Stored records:
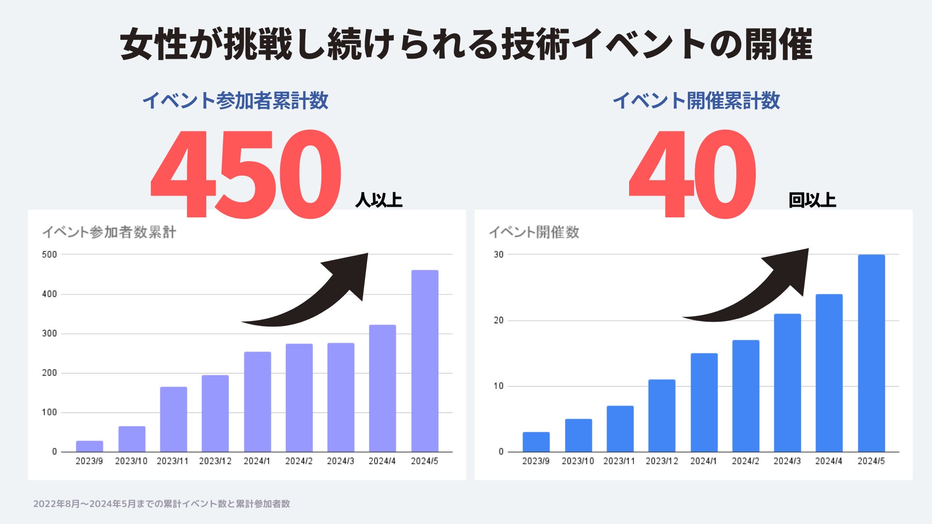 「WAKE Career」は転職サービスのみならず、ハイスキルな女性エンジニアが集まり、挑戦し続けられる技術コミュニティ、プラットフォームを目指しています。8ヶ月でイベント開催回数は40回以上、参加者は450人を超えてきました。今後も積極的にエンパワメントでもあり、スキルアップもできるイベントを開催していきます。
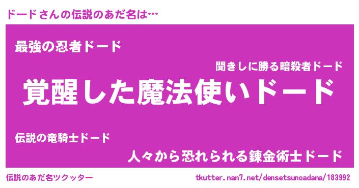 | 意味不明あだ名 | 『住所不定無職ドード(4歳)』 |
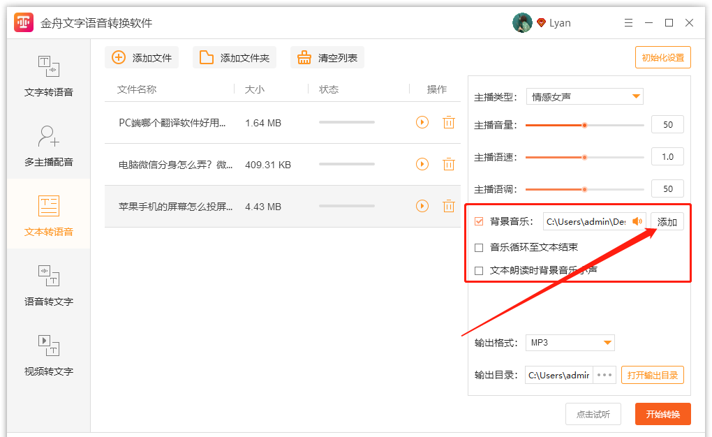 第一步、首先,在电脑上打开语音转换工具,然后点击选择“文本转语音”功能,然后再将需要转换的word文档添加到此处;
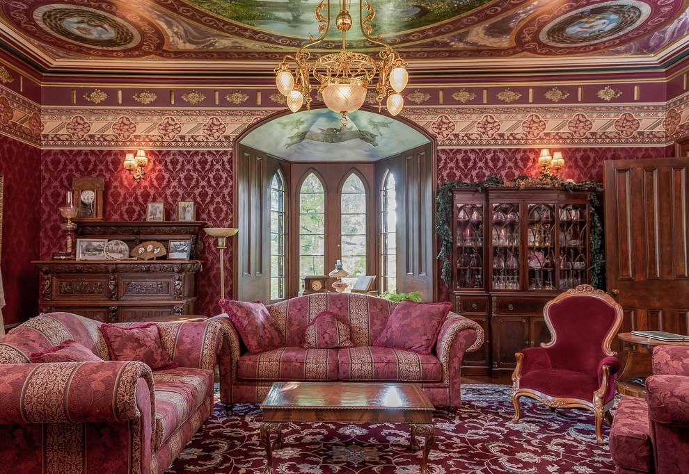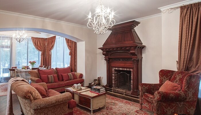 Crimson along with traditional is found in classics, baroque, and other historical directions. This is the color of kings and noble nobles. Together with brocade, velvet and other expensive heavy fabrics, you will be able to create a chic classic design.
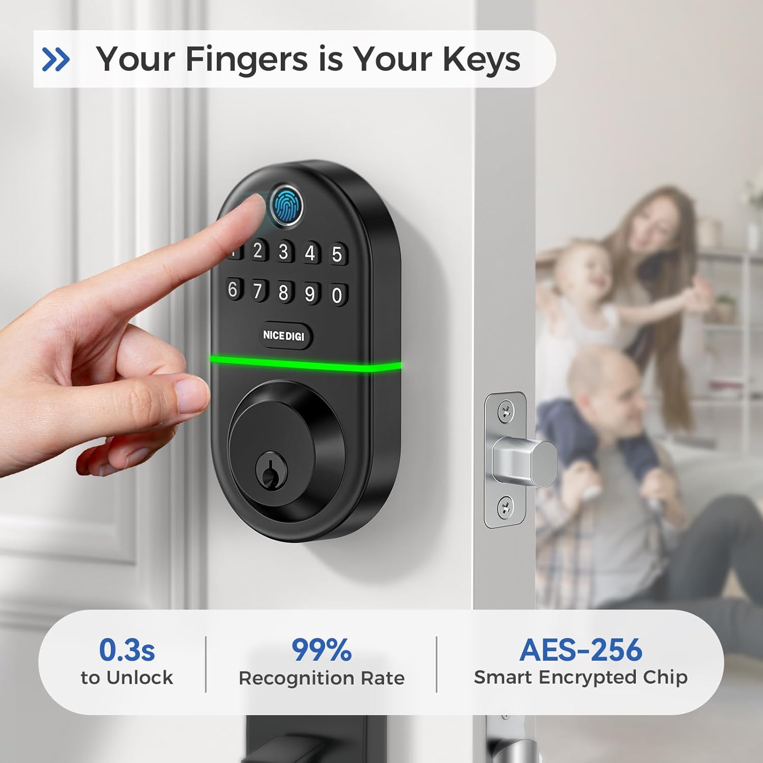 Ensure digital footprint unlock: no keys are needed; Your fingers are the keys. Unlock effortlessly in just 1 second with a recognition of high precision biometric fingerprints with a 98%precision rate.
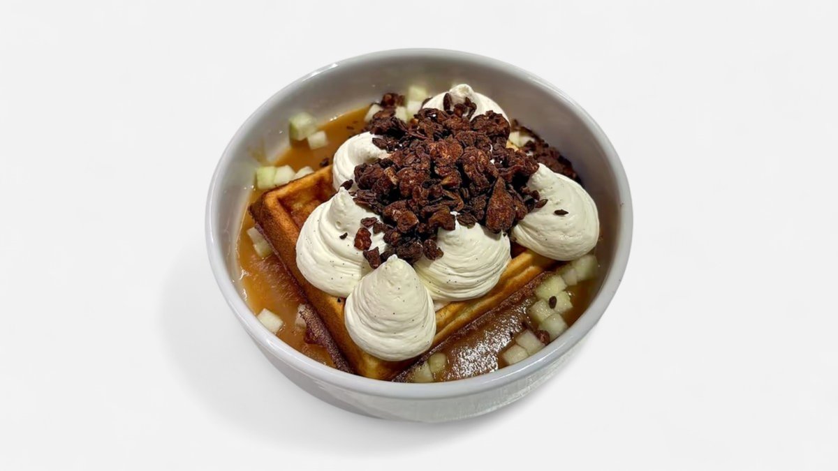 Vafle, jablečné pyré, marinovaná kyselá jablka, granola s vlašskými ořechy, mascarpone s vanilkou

**Exercise:**
Reproduce exactly the lines above starting at the line containing "第一步、首先,在电脑上打开语" and ending at the line containing "Crimson along with", including both, but not the pictures.

**Written answer:**
 第一步、首先,在电脑上打开语音转换工具,然后点击选择“文本转语音”功能,然后再将需要转换的word文档添加到此处;
 Crimson along with traditional is found in classics, baroque, and other historical directions. This is the color of kings and noble nobles. Together with brocade, velvet and other expensive heavy fabrics, you will be able to create a chic classic design.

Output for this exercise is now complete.